December 11, 2022

How to reach younger workers? Personalization, choice and education.

A version of this article originally appeared on 401k Specialist.

Younger workers present a clear opportunity to employers. Helping them achieve their financial goals can play a key role in loyalty, trust and recruitment. Many are already engaged with their workplace retirement accounts, and they value employers who support them through times of financial stress.

Data from Schwab Retirement Plan Services on the behaviors and preferences of Gen Z and Millennial workers reveals three ways plan advisors can help employers reach younger workers.

Don't treat them like a crowd
Younger workers have different financial situations than older workers, and not surprisingly, they don't all have the same needs. They want to know their employer recognizes their personal situation, and they want to see this reflected in their retirement plans. Most Gen Z (83%) and Millennial (82%) workers would like personalized advice for their 401(k), and more than 7 in 10 say it's important that their 401(k) investments reflect their personal values.

Like everyone else, Gen Z and Millennials are worried about inflation and stock market volatility getting in the way of their retirement goals, but not as much as older generations. That's not surprising given their longer timelines to retirement. Plan advisors can help employers avoid treating all young workers the same by tailoring benefits and education to the obstacles they believe are most important. Younger workers are more likely to say that unexpected expenses, education costs and supporting family members are obstacles to saving for retirement. 

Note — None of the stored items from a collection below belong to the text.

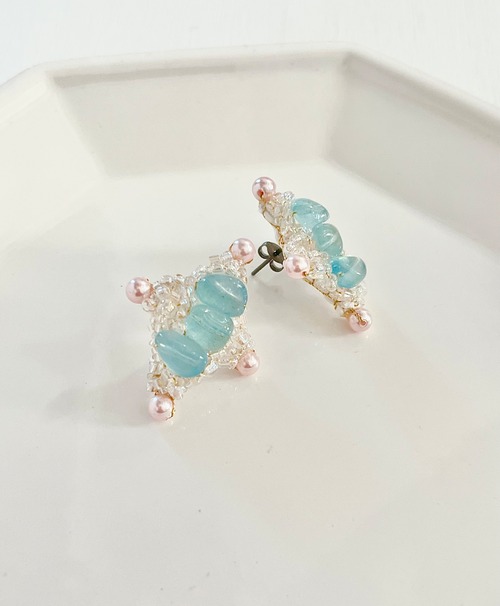 美しいアクアマリンの石をお砂糖菓子のように透明感たっぷりに刺繍して仕上げました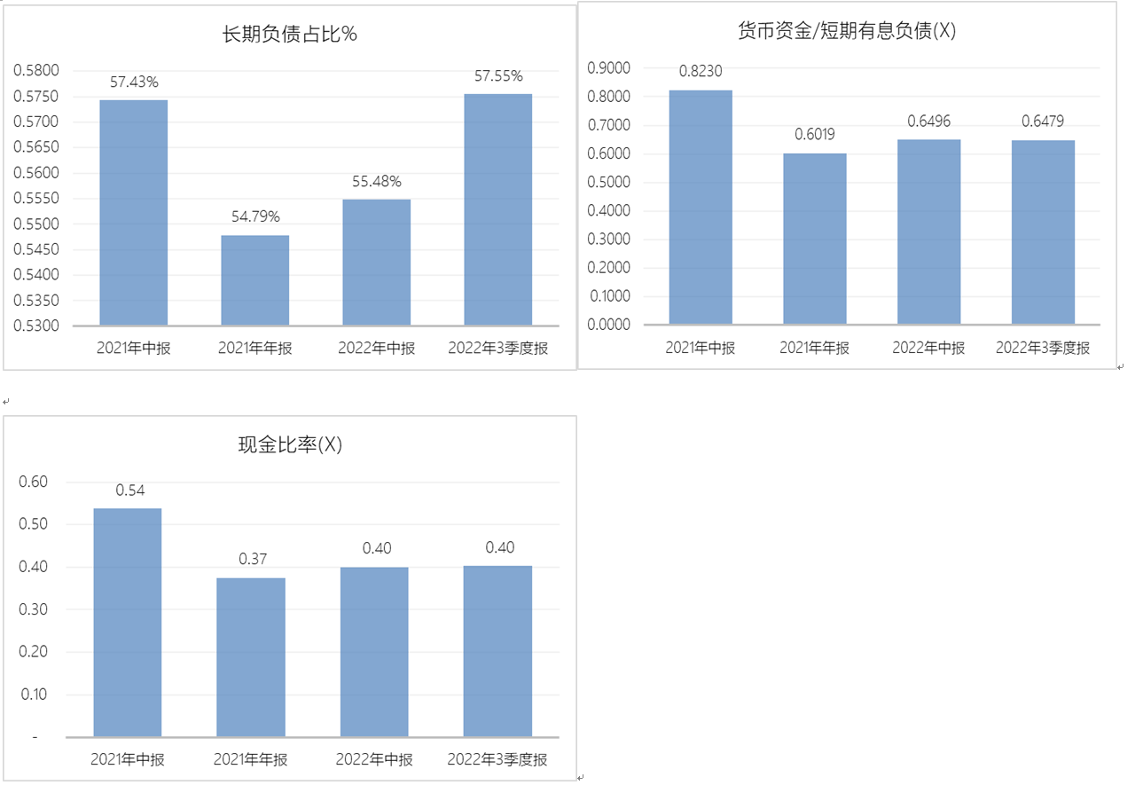 图22:样本城投企业2021年中报至2022年3季度报长期负债占比以及短期偿债能力指标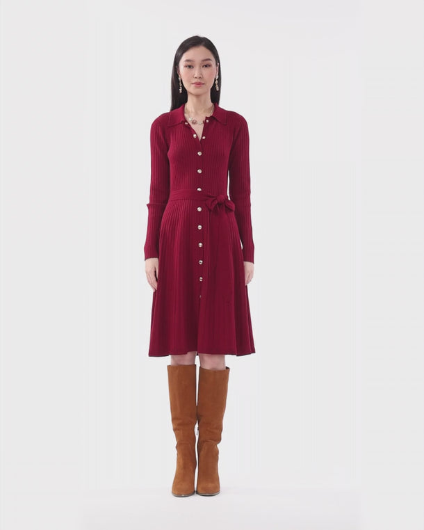 Monroe Knit Midi Dress in Burgundy

Include a range of investment choices 
The 401(k) remains the primary retirement savings vehicle for workers of all generations, although fewer Gen Z (79%) and Millennials (84%) than Gen X (89%) and Boomers (94%) say they are investing in their 401(k)s to save for retirement. Part of the reason may be how Gen Z and Millennial workers got started investing. They are more likely than older generations to say that their first investing experience was a mobile trading application. They are less likely to say it was their 401(k). Just 37% of Gen Z says their first investing experience was through a 401(k) compared to 61% of Gen X and Boomers.

As they see the variety of investment options available through other channels, younger workers are hoping their workplace retirement plans will offer more choices. For example, more than 4 in 10 Gen Z and Millennial workers wish they could invest in annuities through their workplace retirement plan. More than 3 in 10 wish they could select ESG investments and fractional shares. 

Plan advisors have an opportunity to help employers accommodate these preferences in a way that works for their plan. It's not common today for plan participants to have access to ESG funds or fractional shares, for example. If it's not practical for a plan sponsor to offer these options directly, a self-directed brokerage account (SDBA) inside the 401(k) is one possible solution that will not upend the core investment menu. An SDBA option allows workers to select more customized investments that satisfy a range of preferences, including personal values or specific financial objectives, such as retirement income. 

Offer a variety of learning and advice options
Education also goes a long way to helping workers understand how to address their individual financial situation. For example, nearly half of Gen Z and Millennials want help calculating how much money they need to save for retirement. Other areas younger workers tend to say they have knowledge gaps in include investment advice, determining retirement age and managing their expenses. 

Employers have a number of options for addressing these needs, from in-person meetings to self-serve online tools and access to professional financial advice. Plan advisors can help plan sponsors choose options that engage with younger workers based on their preferences and behaviors. 

The question or topic may determine the best delivery format. For example, directing participants to an online calculator may be enough to help them determine how much to save for retirement. Gen Z and Millennials are more open to financial wellness tools than older generations, including online tools to help them save for retirement or build an emergency fund.

Live discussions might be more appropriate for understanding the full scope of employees' questions and concerns about managing expenses. Similarly, access to advice might be the right solution for questions about savings strategies and investment selection. About 60% of Gen Z and Millennial employees say they are very likely to follow human advice, and over 40% say the same about computer-generated advice. 

Plan advisors play an important role in employers' efforts to attract and retain talent. By helping plan sponsors understand younger workers' saving and investing preferences, they can inform the design of practical, effective strategies to meet the financial needs of a highly mobile talent pool. One in five workers have changed employers in the past 12 months, and 65% of those are Gen Z or Millennials. There is no doubt that employee benefits are top of mind for many young workers as they decide to stay or go.